第97話 ガキが私に逆らうんじゃないわよ!!!
「ハッピバースデートゥーユー! ハッピバースデートゥーユー! ハッピバースデーディア未来の私たちの赤ちゃん~!!! ハッピバースデートゥーユー!!!! わぁ~~!!!!」
昼休み、ホールケーキを持った鳥山さんが、突然登場した。
何かを察したクラスメイトは、俺の席から、距離を取っていく。
「おめでとう魚谷くん。おめでとう私。今日は、未来の私たちの赤ちゃんの誕生日なのよ」
「……どういう意味?」
「つまり、もう子供たちがこの日にできると決めてしまえば、あなたは私と結婚せざるを得ないし、子供を作らざるを得ないという話よ」
「いや、全く理解できないんだけど」
「いいから、ほら。ケーキを食べましょう?」
「……ちょうど昼飯食べ終わったところなんだけど」
「甘いものは別腹って言うじゃない! 食べられないなら、今すぐ吐いて、胃の容量を空けてきなさいよ!」
相変わらず、めちゃくちゃなことを言う人だ。
抵抗虚しく、俺の机の上に、ケーキが置かれてしまった。
「子供の名前を決めておいた方が、トークがスムーズに進むわよね。何が良いかしら」
「勝手に決めてください」
「お、おおおぉおちょっとぉおおおお魚谷くん? そんな無責任なセリフあるかしら。自分が仕込んだ子供でしょう?」
「仕込んだとか言わないでよ」
「種付けした?」
「余計悪くなってるって」
お昼時に……。最低すぎる。
「私の名前が、鳥山蘭華。あなたの名前が、魚谷愛也。これを利用しない手はないわよね」
「はい」
「でも、あるいは海外のように、魚谷愛也ジュニアでもいいかもしれないわ」
「ややこしいからやめたらどうだろう」
「家に、魚谷愛也が二人もいることになるのよ……? こんなのハーレム状態と言っても過言ではないわね」
「女の子だったらどうするつもりなの?」
「養子に出すわね」
「嘘でしょ?」
史上最大級にサイコな発言が出てしまった。
「冗談よ。

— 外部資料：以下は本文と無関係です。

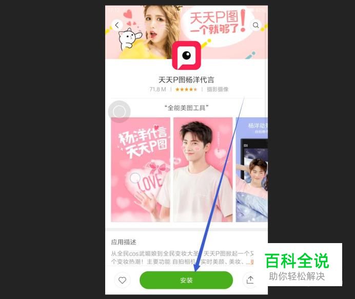 下载安装天天p图 如果想要下载这款软件,可以到手机的应用商店里面去下载,很方便的就可以下载到这款软件。在手机商店里面下载完成之后,会自动的安装,非常的方便。

その時は、そうね……。出来れば、私の名前の一部を使いたいところだけれど」
行儀が悪いが、いちごだけいただくことにした。
……美味しいなぁ。これ、絶対高いところのケーキだと思う。さすが金持ち。
「ちょっと。人が真剣に、子供の命名に知恵を振り絞ってる最中に、いちごを摘まむってどういうことなの?」
「いや、やることないから……」
「そのヘタ、私にちょうだい」
「え?」
「いいから」
戸惑いつつも、いちごのヘタを手渡した。
……鳥山さんは、何のためらいもなく、食べてしまった。
「うん。魚谷くんの唾液が微量ではあるけれど付着していて、苦みが少しマイルドになっているわね」
もう、いいや。いちごは。
「名前、いちごちゃんでも良いかもしれないわね」
「急に適当になったじゃん。どうしたの?」
「……正直、娘が生まれた時、その子が成長して、JKになって、私と同じように、魚谷くんにベタベタし始めたらって思うと、複雑な感情なのよ。わかる?」
「わからない」
「わからないでしょうねぇ!」
「うるさっ……」
「今はとりあえず、男の子が生まれる前提で会話をしましょう。仮の名前は、たっくんでどうかしら」
「なんでもいいよ」
鳥山さんが、ケーキを切り分け始めた。
そして、いつの間にか用意していた紙皿に、切り分けたケーキを乗せる。
「はい、どうぞ、たっくん」
「は?」
「は? じゃないでしょう? たっくんやりなさいよ」
「……正気?」
「仕方ないじゃない! 男の子が、あなたしかいないんだから」
「あの、何をしようとしてるの?」
「だから……。将来子供ができたときの、シミュレーションをするんじゃない。ほら、早く。ケーキを受け取りなさいよ」
「勘弁してよ」
「はぁ……。ノリが悪いこと山のごとしね」
ちょっと意味わかんないけど……。まぁいいや。ツッコむのも面倒だし。
「今日だけ、特別よ? 娘ってことにして、ミニ蘭華ちゃんを演じてあげる。たっくんは封印です」
そう言って、鳥山さんが、ケーキを食べ始めた。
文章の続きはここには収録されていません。